From the data that follows, set down exactly the lines from the one with "سیستم ژن های" through the one with "This lovely handmade", counting both. Pictures stay out.

Items listed in a dataset
•••
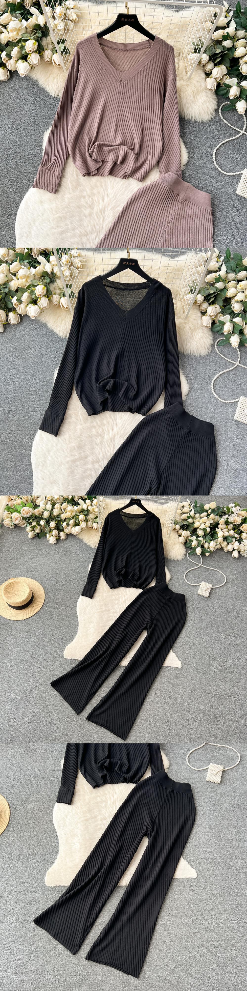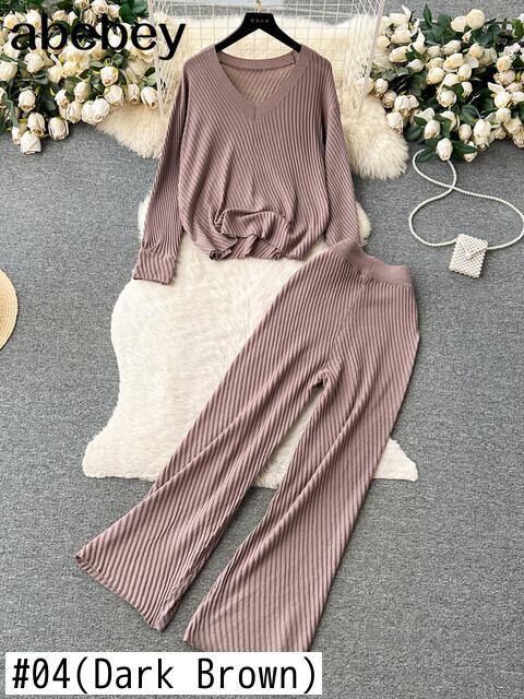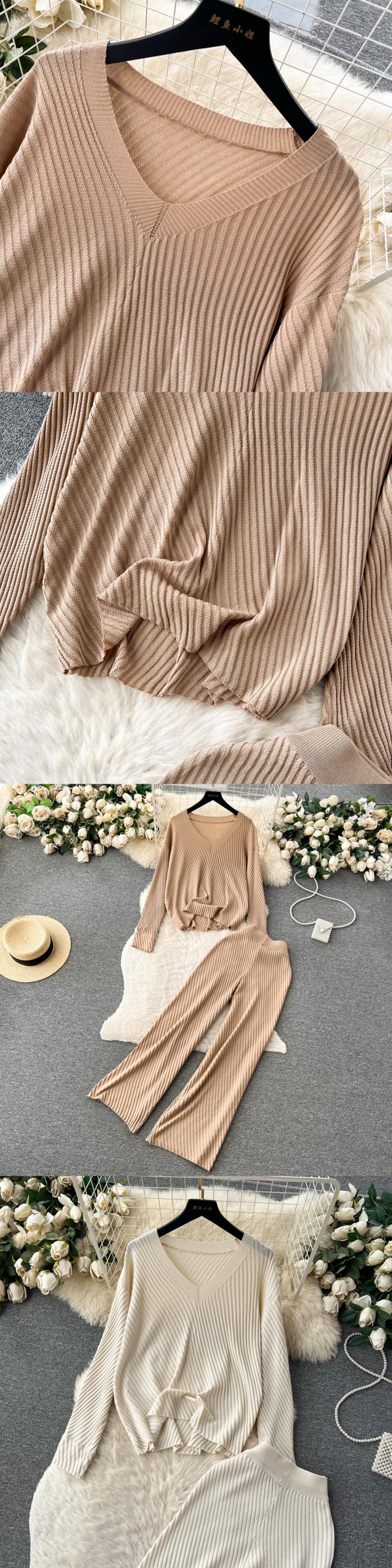 ニットセットストライプルーズプルオーバー+ワイドレッグロングパンツ秋スタイルセータースーツ オータム 秋物 ワイドパンツ ソリッドカラー
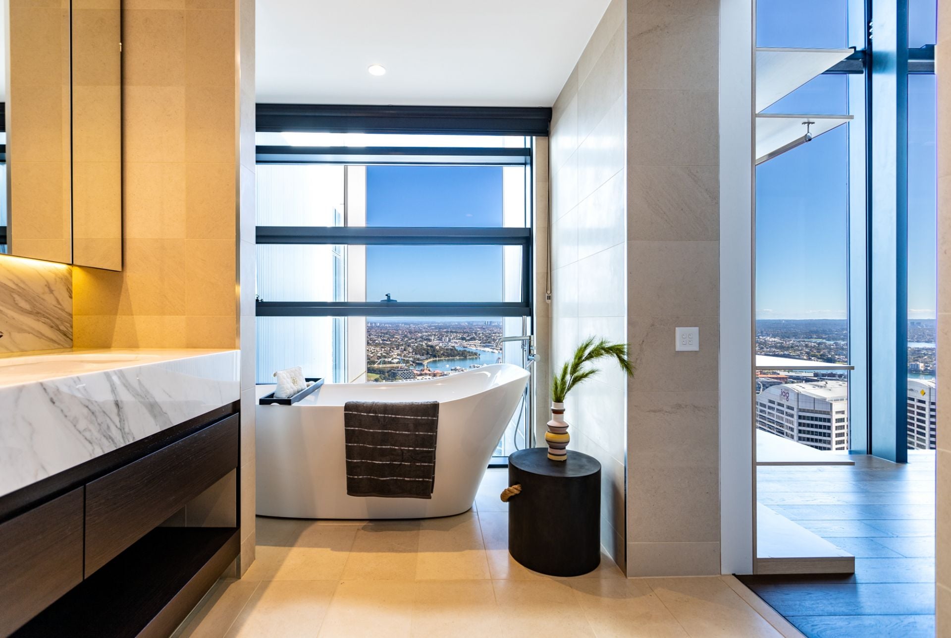 This penthouse expands over 3 floors encompassing a total strata area of 328 sqm. This opulent penthouse offers 3 spacious bedrooms each with own luxury en-suite that provides another view of the city, with multiple angles ranging from Darling Harbour and a panoramic view of Sydney's skyline.
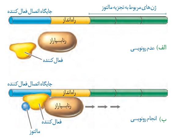 سیستم ژن های تجزیه کننده مالتوز در باکتری اشرشیاکلای به صورت تنظیم مثبت رونویسی بوده تا در صورت کمبود گلوکز، باکتری بتواند با تجزیه مالتوز، نیاز خود را برطرف کند، در این ژن ها، برای پیدا شدن، ابتدا پروتئین های متنوع فعال کننده به جایگاه اتصال خود در قبل از راه انداز متصل می شوند و سپس به اتصال رنابسپاراز به راه انداز کمک می کنند. در حقیقت مالتوز به فعال کننده، سبب چسبیدن فعال کننده به جایگاه اتصال خود در دنا شده و سپس به اتصال رنابسپاراز به راه انداز و حرکت آن به سمت نقطه شروع رونویسی کمک می کند. در این ژن ها، عوامل رونویسی ( گزینه 1 )، مهار کننده ( گزینه 2 )، و سنتز مالتوز ( گزینه 3 ) وجود ندارد.
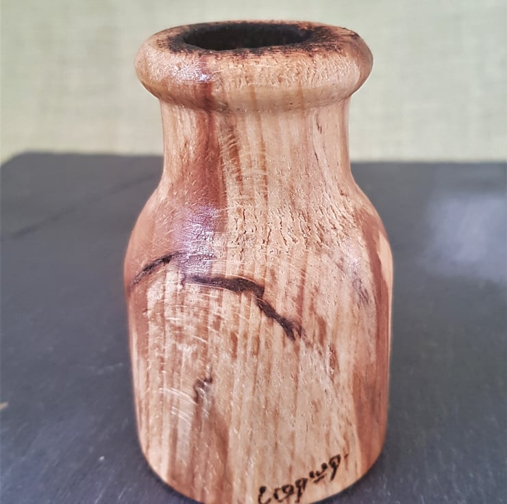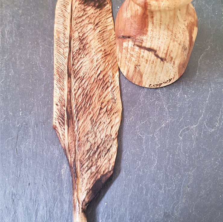This lovely handmade 'Feather and Inkpot' are two separate pieces of wood. The 'pot' is lathe turned from a pretty piece of Beech and then finished with a coat of wax oil. The 'feather' has been carved from Sycamore using a knife and gouge chisel, this too has been protected with a wax oil.
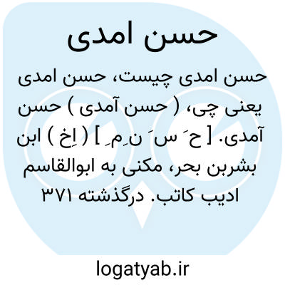 ( حسن آمدی ) حسن آمدی. [ ح َ س َ ن ِم ِ ] ( اِخ ) ابن بشربن بحر، مکنی به ابوالقاسم ادیب کاتب. درگذشته 371 هَ. ق. او راست: «تبیین غلط قدامة» در نقدالشعر و جز آن. ( هدیةالعارفین ج 1 ص 271 ).
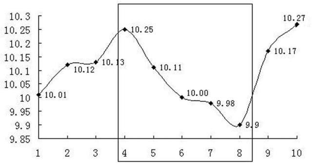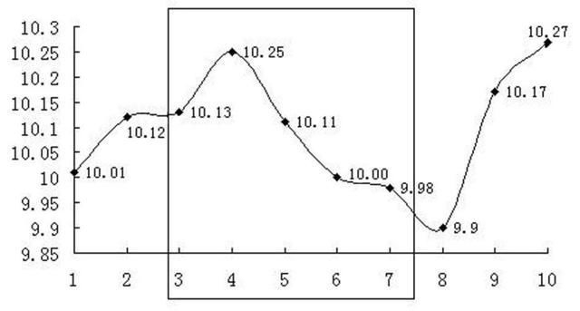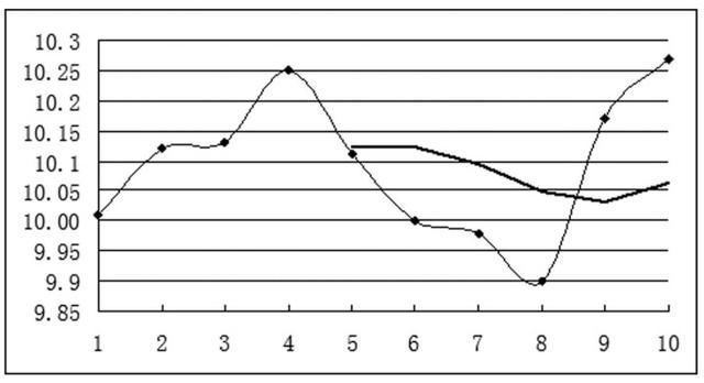 即:(10.25+10.11+10.00+9.98+9.90)÷5=10.048(如图1-4)
•••
> SOLUTION TO THIS EXERCISE
 سیستم ژن های تجزیه کننده مالتوز در باکتری اشرشیاکلای به صورت تنظیم مثبت رونویسی بوده تا در صورت کمبود گلوکز، باکتری بتواند با تجزیه مالتوز، نیاز خود را برطرف کند، در این ژن ها، برای پیدا شدن، ابتدا پروتئین های متنوع فعال کننده به جایگاه اتصال خود در قبل از راه انداز متصل می شوند و سپس به اتصال رنابسپاراز به راه انداز کمک می کنند. در حقیقت مالتوز به فعال کننده، سبب چسبیدن فعال کننده به جایگاه اتصال خود در دنا شده و سپس به اتصال رنابسپاراز به راه انداز و حرکت آن به سمت نقطه شروع رونویسی کمک می کند. در این ژن ها، عوامل رونویسی ( گزینه 1 )، مهار کننده ( گزینه 2 )، و سنتز مالتوز ( گزینه 3 ) وجود ندارد.
This lovely handmade 'Feather and Inkpot' are two separate pieces of wood. The 'pot' is lathe turned from a pretty piece of Beech and then finished with a coat of wax oil. The 'feather' has been carved from Sycamore using a knife and gouge chisel, this too has been protected with a wax oil.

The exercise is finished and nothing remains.